GlobeOp also provides position reconciliation and collateral management for exchange-traded derivatives.

So what will determine whose software is used?

"Whether it provides the necessary position-keeping, connectivity and other risk management tools they need for not only OTC derivatives but other products as well," said Eric Bernstein, chief operating officer of North America for Sophis, which offers these capabilities.

Operations executives at two fund management firms in New York acknowledged that most small- to mid-tier fund managers will opt for such a platform.

"The best-of-breed approach is often used by larger firms, but there are substantial integration costs and time to market," said one operations exec. "Because we aren't a large player in the OTC market, we would prefer to rely on a single service provider."

Drastic Changes

When large and respected financial firms can't figure out just what securities they own and exactly how much they are worth, it is time to make drastic changes. Those should be before any new laws go on the books.

"By now, it's likely that most firms already have some measures in place to value their [over-the-counter derivatives] contracts so the legislation won't shake their strategies too much," said Jerry Hanweck, founder of Hanweck Associates, a New York-based quantitative financial analysis firm.

Firms with large portfolios of OTC contracts on their books will still need to ensure they have the right procedures in place to meet the requirements for ongoing valuations of their assets and to comply with fair-value accounting rules.

Pricing Complex Derivatives In Four Simple Steps

1. Get the Basics Right: No OTC derivative contract can be accurately priced if the details of the trade are not accurately captured and stored through an order-management or trade-execution system.

2. Validate: Ask for explanations on the methodology used by any outside valuation expert, in case there are differences of opinion.

3. It's OK to be Different: Valuations can and should be performed separately by back-office, accounting and risk-management groups, as well as front-office teams.

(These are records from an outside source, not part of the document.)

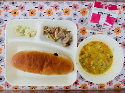 2/21の給食は「ぶた肉のカレーふうみ、コーンとはくさいのスープ、カリフラワーのレモンドレッシング、レーズンパン、牛乳」でした。
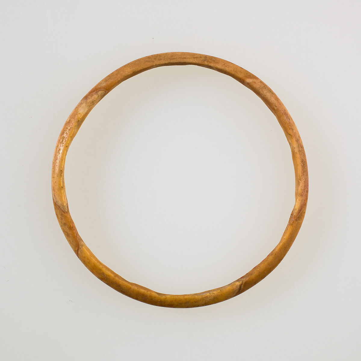 Flint bangles such as this one are mainly found in burials. The deceased often wore multiple bangles together, on one or both forearms. These items were in use for a relatively short time, only during the Early Dynastic period, and most examples date specifically to the First Dynasty. They were made through a combination of flaking and grinding. Flint bangles were extremely difficult to produce and demonstrate the exceptionally high degree of expertise achieved by Egypt’s flint knappers. They also show that Ancient Egyptians used flint for personal adornment and display, not just to make implements needed for utilitarian and subsistence purposes.
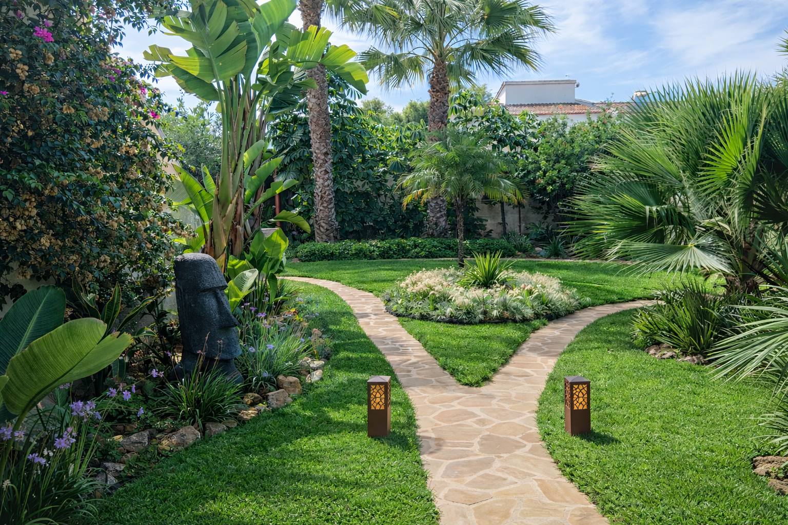 Mediterranean Garden with Ibiza-Style Outdoor Kitchen
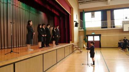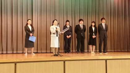 1学期が始まりました。まずは、転入生の紹介、離任された教職員の紹介と、着任式をしました。
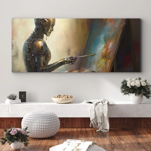 "Framtidens konst" är en unik canvastavla som kombinerar modern estetik med konstnärlig kreativitet. Den avbildar en robotmålning på duk, vilket ger en harmonisk blandning av teknologi och konst till interiören.

Each unit can rely on different models and input so valuation professionals should be careful to use assumptions that are appropriate for a given pricing model and current market conditions.

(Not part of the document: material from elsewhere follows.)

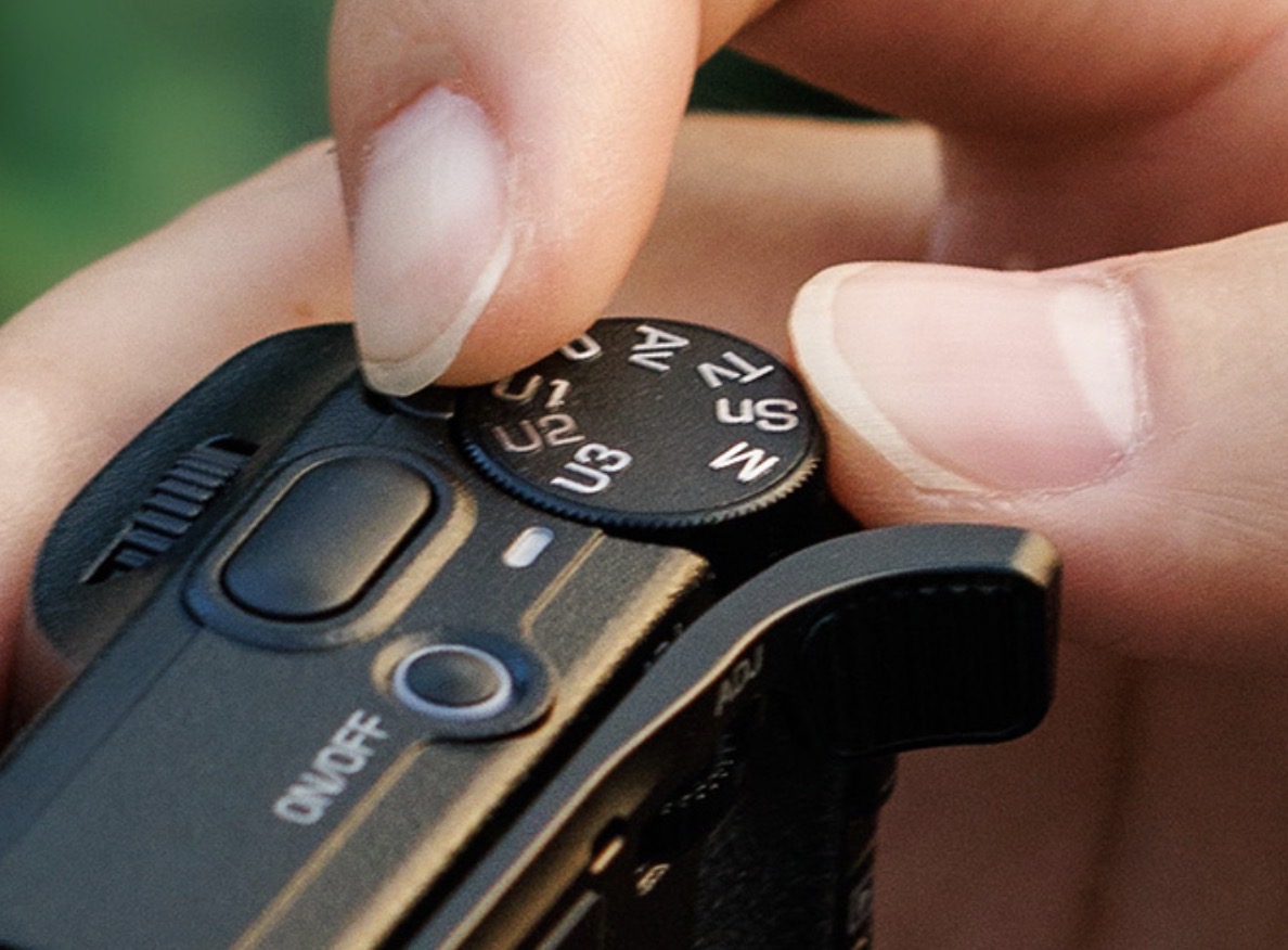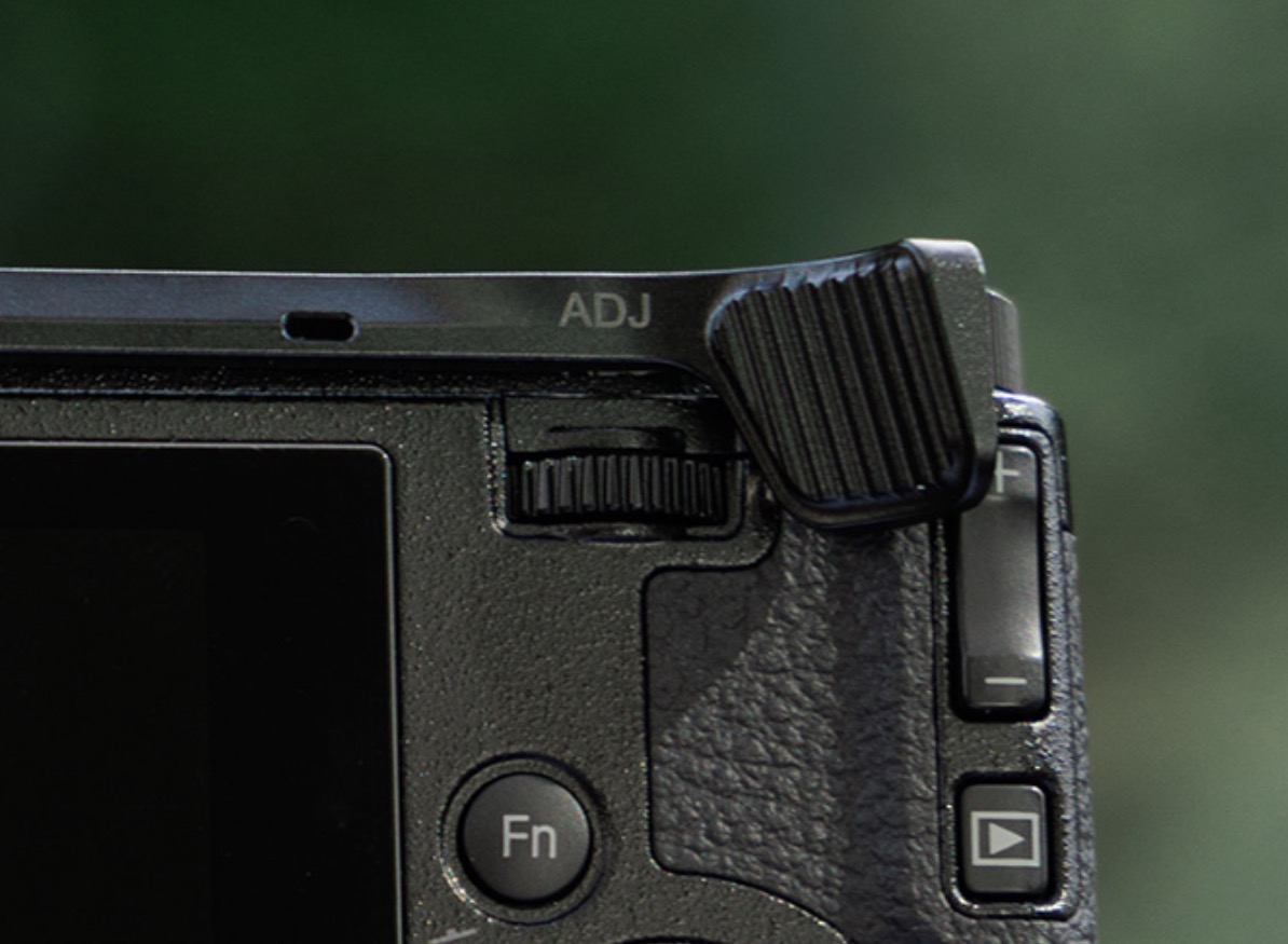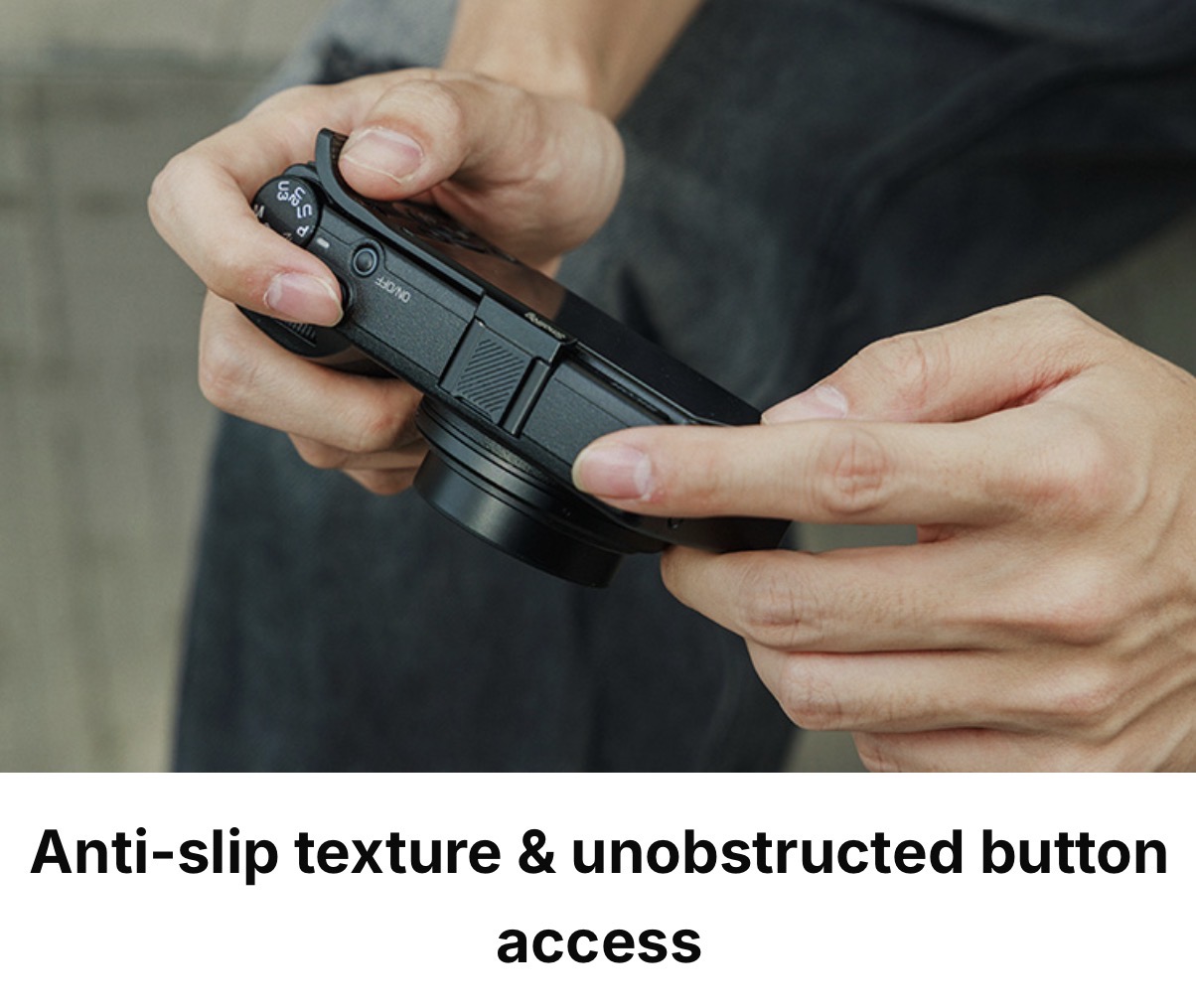 The design ensures full functionality of the camera, avoiding interference with the ADJ. lever, mode dial, or the front status lamp. Constructed from aluminum alloy, it is durable yet lightweight, making it ideal for a compact camera setup.

4. Document, Document, Document. Write down the procedures for the inputs and models that will be used for pricing each type of over-the-counter derivative and each business unit involved in that pricing.

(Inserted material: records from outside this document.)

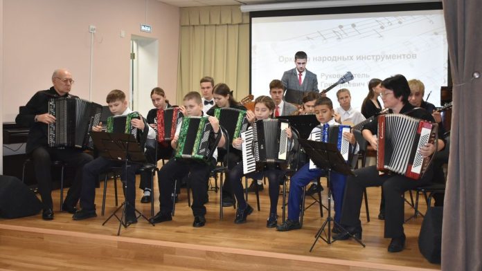 К открытию воспитанники школы подготовили концерт, на котором выступили пианисты, гитаристы, вокалисты, духовой оркестр.
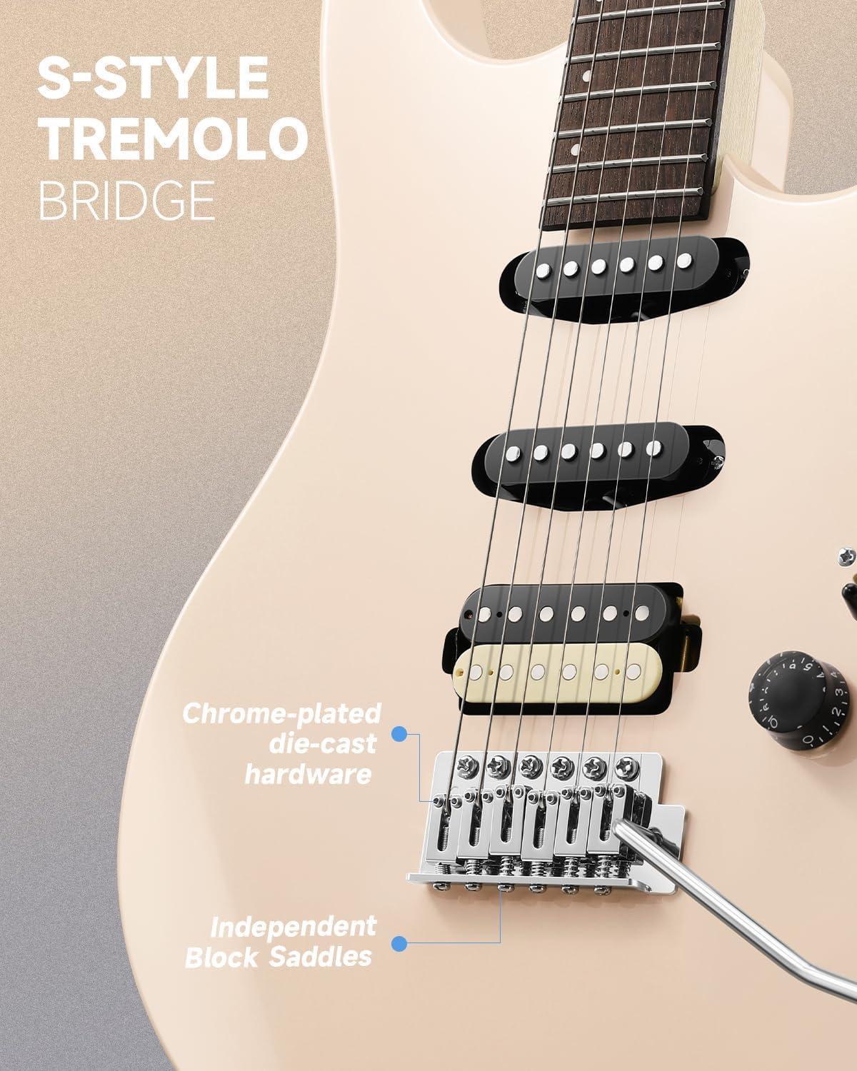 Synchronized Tremolo Bridge- The DMT-66 electric guitar features six individual saddles, making it easy to adjust the precise height and pitch of each string, delivering expressive tones and extended sustain
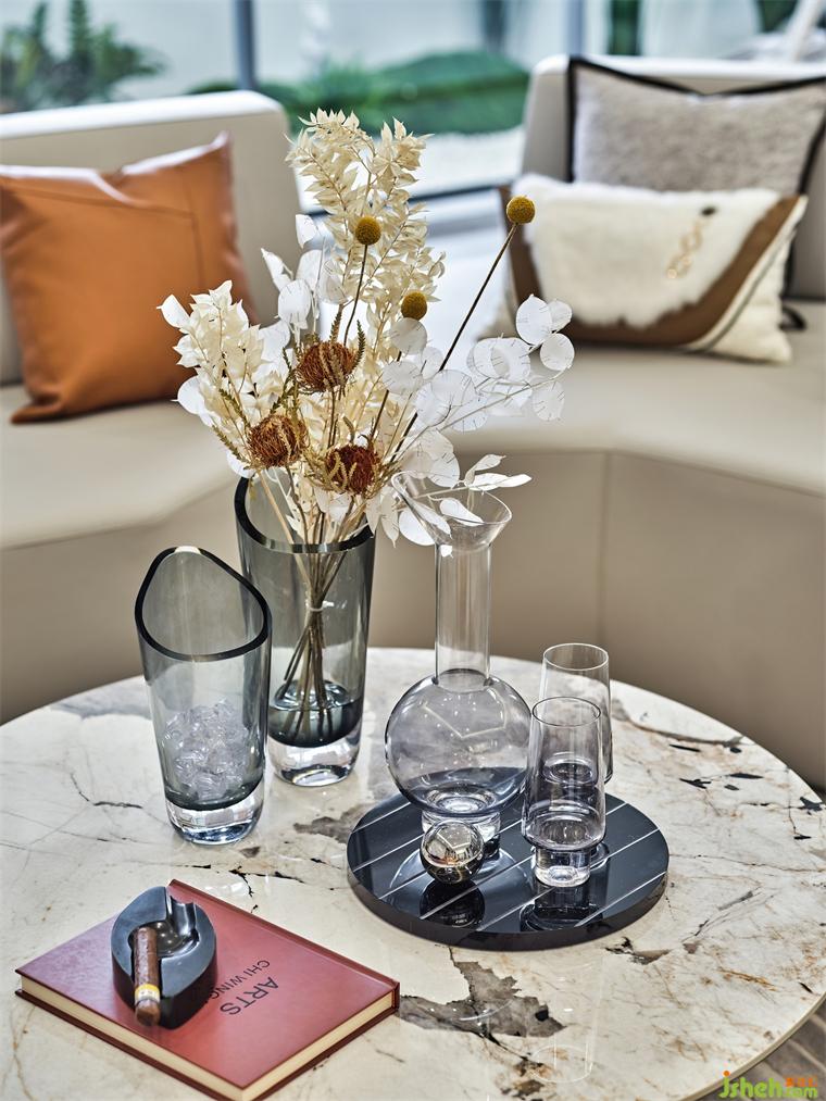 在客廳設(shè)置雙廳功能,包含社交與休閑屬性,樣板房設(shè)計簡約的設(shè)計衍生出多重空間,部分軟裝采用傳統(tǒng)的純手工工藝,個性化的時尚設(shè)計及苛刻的甄選程序,確保了陳設(shè)飾品的不凡品質(zhì)。
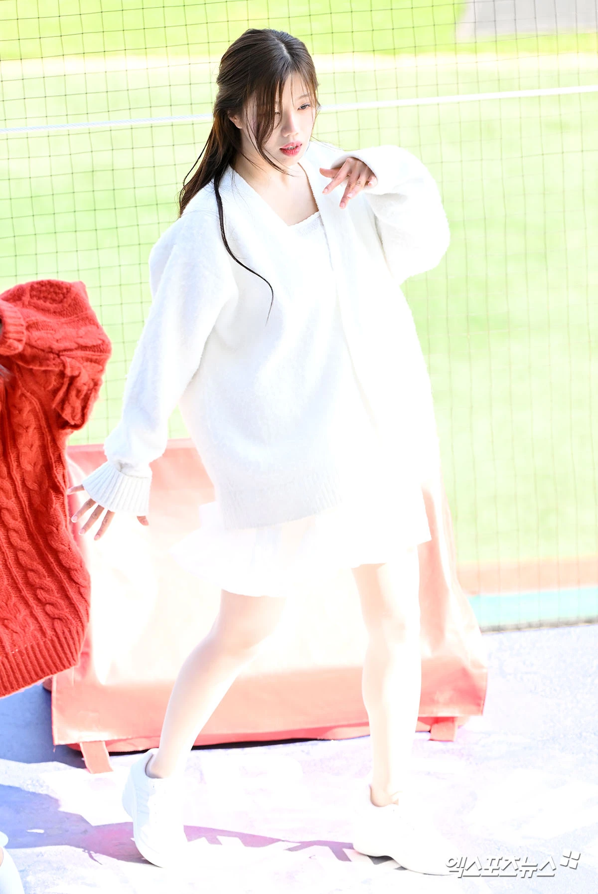 (엑스포츠뉴스 인천, 김한준 기자) 7일 오후 인천SSG랜더스필드에서 열리는 '2026 신한 SOL Bank KBO리그' 한화 이글스와 SSG 랜더스의 경기, SSG 강지은 치어리더가 리허설에 임하고 있다.

That includes determining who on the valuation committee will be responsible for the final say on the valuation if there are differences between your firm's valuation of its assets and those from outsiders such as specialist providers, clearing brokers and clearinghouses. Although exotic complex products are often cited as having the most pricing discrepancies, "even similar credit default swaps contracts can be priced differently," cautioned Kevin Borrett, managing director of portfolio valuations for Markit Group.